Data below:
:::
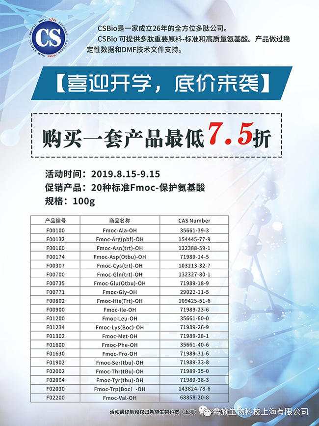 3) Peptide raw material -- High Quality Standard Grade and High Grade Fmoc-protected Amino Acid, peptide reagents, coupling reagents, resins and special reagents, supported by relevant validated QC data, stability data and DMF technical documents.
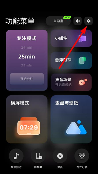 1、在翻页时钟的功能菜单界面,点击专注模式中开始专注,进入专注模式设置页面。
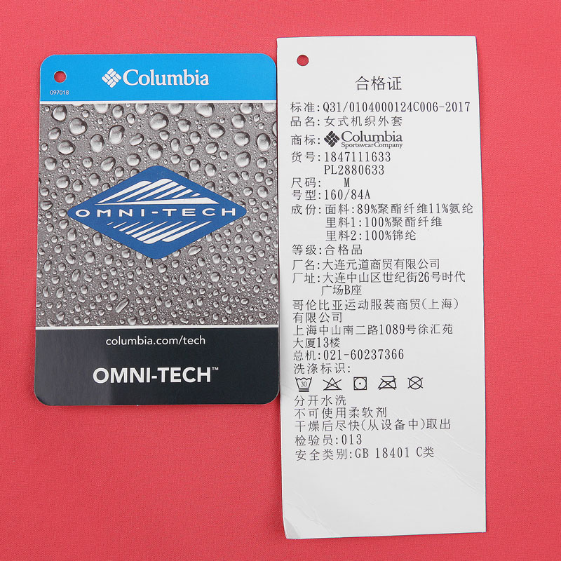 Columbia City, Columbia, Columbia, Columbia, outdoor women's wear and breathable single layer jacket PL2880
:::
Please output all of the data exactly as given, omitting any images it holds.

 3) Peptide raw material -- High Quality Standard Grade and High Grade Fmoc-protected Amino Acid, peptide reagents, coupling reagents, resins and special reagents, supported by relevant validated QC data, stability data and DMF technical documents.
 1、在翻页时钟的功能菜单界面,点击专注模式中开始专注,进入专注模式设置页面。
 Columbia City, Columbia, Columbia, Columbia, outdoor women's wear and breathable single layer jacket PL2880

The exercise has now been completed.